At first I thought they mixed up the patient's results. But my resident said it was definite. I couldn't believe it. I had forgotten the first House, MD rule: "Everybody lies." or "I dont ask why patients lie, I just assume they do." When confronted, she said "Oh I am just so glad it was something as simple as that." She must have known the whole time. Or she is in incredible denial. Either way I was deflated. If I can't trust my patient then what is our purpose?

Monday, January 14, 2008

The beginings of medicine

So I'm currently in week 2 of a 12 week process, or what we call medicine rotation. I am following 3 patients, we're currently on call Q 5, meaning every 5 nights we're on overnight call, and my residents are fantastic--they teach, they're friendly, and I wouldn't mind hanging out with them outside of the hospital. But when people ask me "how was your day?" a response hasn't really jumped out at me. I guess I'm just sort of blah. I feel like I am going through the motions. I'm not bored at work. I am tired. My patients are interesting. I enjoy figuring out what is wrong with them. But then...well...I am kind of over it. So living every day is just a way to get to the next. It sounds terrible. Like I'm having a horrible time, which is definitely not the case--I have been laughing all the time at work, but I think I need something else to spark the situation. It hasn't happened yet.

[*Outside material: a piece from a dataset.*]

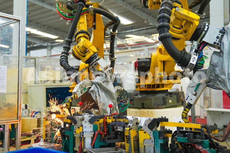 图片说明:2023年5月4日,位于浙江省湖州市长兴经济技术开发区的长兴地通汽车部件有限公司,全自动机器人高速运转,工人忙碌赶制新能源汽车配件订单产品。

Saturday, January 12, 2008

paging the resident

its a ritual that occurs with each new rotation. we get a packet of information. we're told what is expected of us. and how often we will be spending the night at the hospital each week. they explain what is mandatory and what we can skip. and then we get a pager number and we're instructed to page our resident to meet up with our teams. We walk in a herd to the nearest phone and line up, single file. Each one of us takes a turn, dialing the 4 digit number and the rush of anxiety builds as we await for the return call. Will we look like a fool and be asked a thousand pimp questions today? Will we be scutted around the hospital? Or get lucky and leave early? What will really be asked of us? Will we get along with our team? Will lunch be involved at any point? Where is the nearest bathroom? Its these questions that plague our minds during the paging of the resident. Luckily the anxiety only builds for a few minutes, until they call back, we introduce ourselves over the phone (they either sound happy, indifferent, or bothered) and they tell us where they are and we leave the line of med students to join our teams.